A few more years into college, my roommates and I thought it might be funny to add crazy middle names. I became known as Alyssa ‘MountaiN ConqueroR’ (those last letter capitals were a big deal!). For a few months, I would be asked if that was truly my middle name, but soon that faded. Instead, I began to be referred to solely as ‘Mountain Conqueror.’ I kinda loved it. Just answering to it made me feel like I was brave.
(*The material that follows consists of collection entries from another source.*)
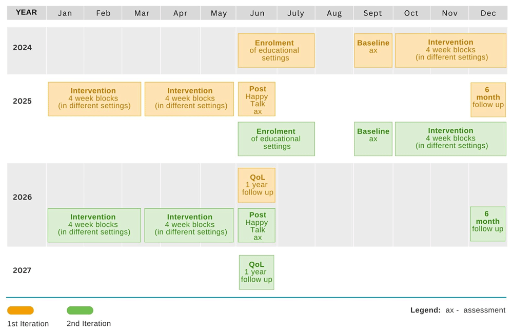 The intervention will be evaluated using a cluster-randomized controlled trial taking place over three years. The trial will include two study cycles that each include a period for enrolling settings, baseline assessments, an 8 month intervention period, outcome assessments immediately post-intervention, and additional follow-up measures taken 6 months post-intervention, or 1 year post-intervention for QoL measures. The time schedule for enrolment, intervention delivery and assessments is given in Figure 1. The process evaluation will involve two phases 1) a pre-trial evaluation examining factors which promote parental engagement and partnership between SLTs and educators with the aim of incorporating these into SLT training and future rollouts of the programme and 2) a concurrent evaluation from a realist perspective to examine how the mechanisms underpinning Happy Talk are influenced by the implementation context. A combination of surveys, interviews and focus group methodologies will be used. These will be reported on in more detail elsewhere.
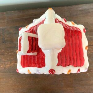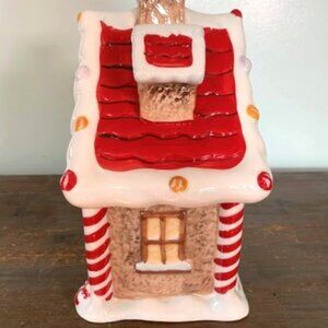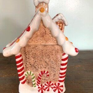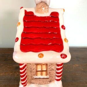 This whimsical gingerbread house cookie jar is a delightful addition to your holiday decor. Classic gingerbread house, complete with intricate details such as candy canes, gumdrops, and icing decorations. The roof is adorned with colorful candies, and the windows and doors are outlined with white icing and adds a touch of charm to any kitchen or display. Great condition, has small chip on bottom-see photos. Measures approx. 5" x 5" square, 5" deep and 11" tall with top on. White spots/lines are glare from lights. *Color may vary slightly from pictures. Please view all photos carefully for complete description.
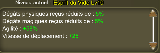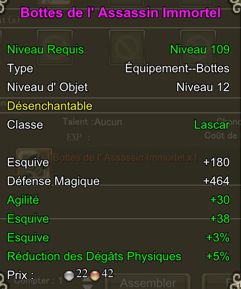 Comme vous pouvez le constater, il vous rapportera de l'agilité (Esquive, Frappe, Critique), des réductions de dégats de la vitesse. Idéal pour enchainer plusieurs adversaires en diminuant le nombre de dégats qui vous est infligé.
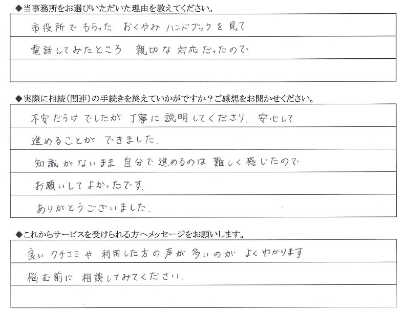 市役所でもらったおくやみハンドブックを見て電話してみたところ、親切な対応だったので。
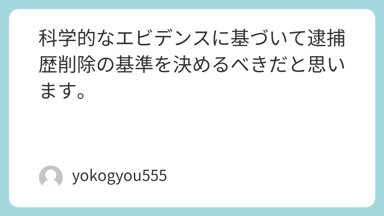 科学的なエビデンスに基づいて逮捕歴削除の基準を決めるべきだと思います。
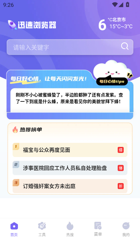 迅速浏览器app是款轻便实用的手机浏览器,采用了最新的内核引擎,提供了多种搜索引擎功能,用户可以根据自己的需求选择实用,其不仅拥有流畅的网页浏览速度,还不会时不时跳出烦人的弹窗和广告,提高浏览体验。
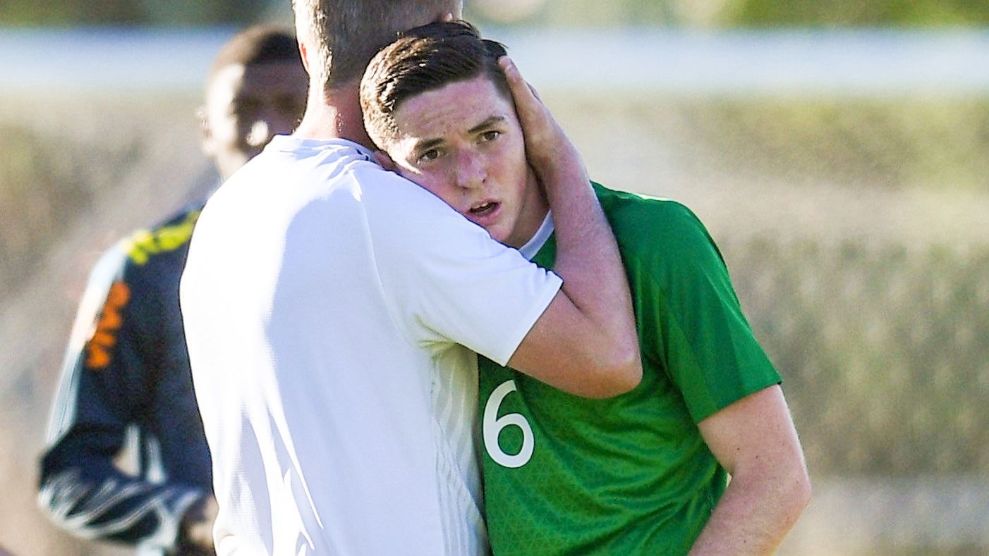 12 June 2019; Stephen Kenny head coach of Ireland and Conor Coventry of Ireland looks dejected after defeat during the 2019 Maurice Revello Toulon Tournament Semi-Final match between Brazil and Republic of Ireland at Stade De Lattre in Aubagne, France. Photo by Alexandre Dimou
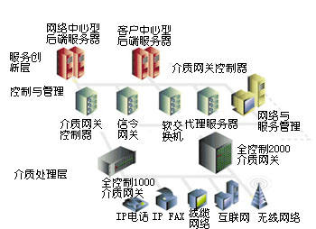 8200 IP傳真服務(wù)器等。中間層通過協(xié)議適配解決通用信令問題,并且提供網(wǎng)絡(luò)和服務(wù)管理。第一層包含Total Control 1000介質(zhì)網(wǎng)關(guān),它通過多種訪問網(wǎng)絡(luò)將不同類型的業(yè)務(wù)量綜合在一起。
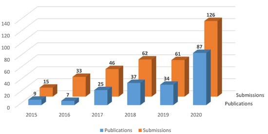Number of submissions and publications (non-peer review article types such as editorials, corrections, obituaries, comments, replies, and meeting reports are excluded from the published papers) in 2015–2020.

However, I can say with full confidence that that is not always the case. In the middle of 2013, Jason and I made the decision to move to Colorado to start a coffee business. It should have felt like a dream come true. When asked what I wanted to do with my life, I would always respond “I think I would love to work in a coffee shop or cafe and just meet and encourage people.” However, I wallowed for a while. I wrestled with questions like “Do i remember how to meet people”, “Am I interesting enough to be of value as a friend” and “Will the Colorado air even make my hair look good” <–Priorities, I know. Jason has always been the “think it, jump at it” type. Where as I, though I hate to admit it, would rather let someone else go through something and report back to me. Fear was heavy in my mind until one day Jason sat down with me as I whimpered and explained that “this” was not me. I don’t let fear defeat me.
So here we are in a beautiful and frigid cold state. We own a couple of truly fun and challenging businesses. Furthermore, there is more meaning to the name I chose for myself in college: I conquer mountains and I am brave.